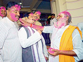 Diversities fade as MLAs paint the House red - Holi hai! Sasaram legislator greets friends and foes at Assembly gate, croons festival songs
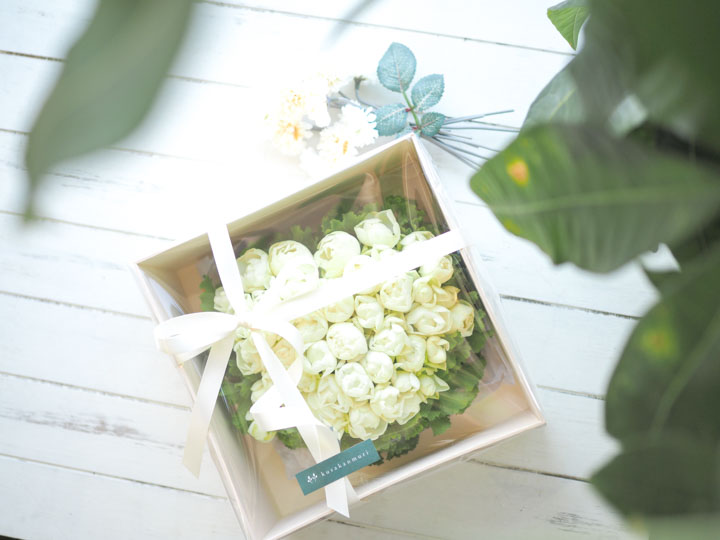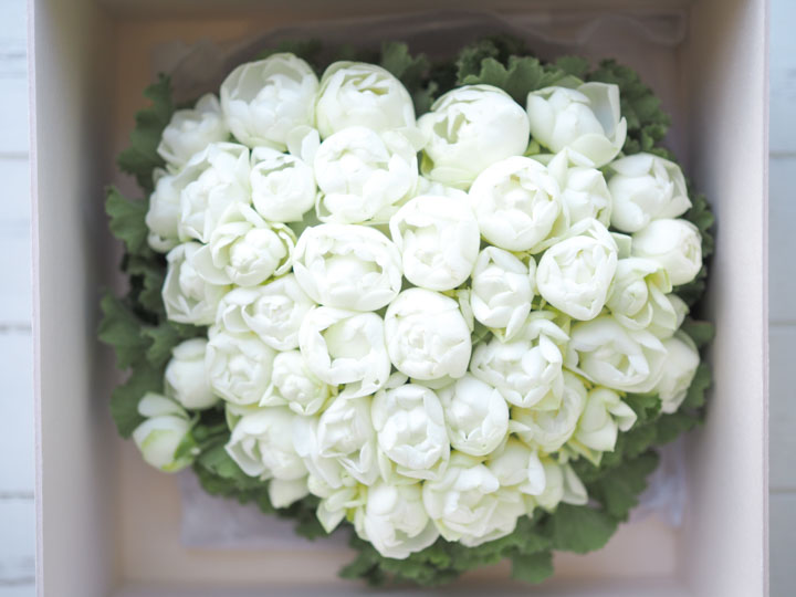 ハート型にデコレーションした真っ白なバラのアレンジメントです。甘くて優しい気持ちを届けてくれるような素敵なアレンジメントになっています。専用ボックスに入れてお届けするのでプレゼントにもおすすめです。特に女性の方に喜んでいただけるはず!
...
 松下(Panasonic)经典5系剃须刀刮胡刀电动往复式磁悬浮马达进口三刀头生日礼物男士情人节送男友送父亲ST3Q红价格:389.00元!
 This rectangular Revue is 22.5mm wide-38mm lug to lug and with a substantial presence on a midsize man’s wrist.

**WHAT YOU ARE ASKED TO DO**
The output is the stretch above from the line with "Diversities fade as" through the line with "ハート型にデコレーションした", copied word for word with both ends kept and every picture dropped.

**OUTPUT BELOW**
 Diversities fade as MLAs paint the House red - Holi hai! Sasaram legislator greets friends and foes at Assembly gate, croons festival songs
 ハート型にデコレーションした真っ白なバラのアレンジメントです。甘くて優しい気持ちを届けてくれるような素敵なアレンジメントになっています。専用ボックスに入れてお届けするのでプレゼントにもおすすめです。特に女性の方に喜んでいただけるはず!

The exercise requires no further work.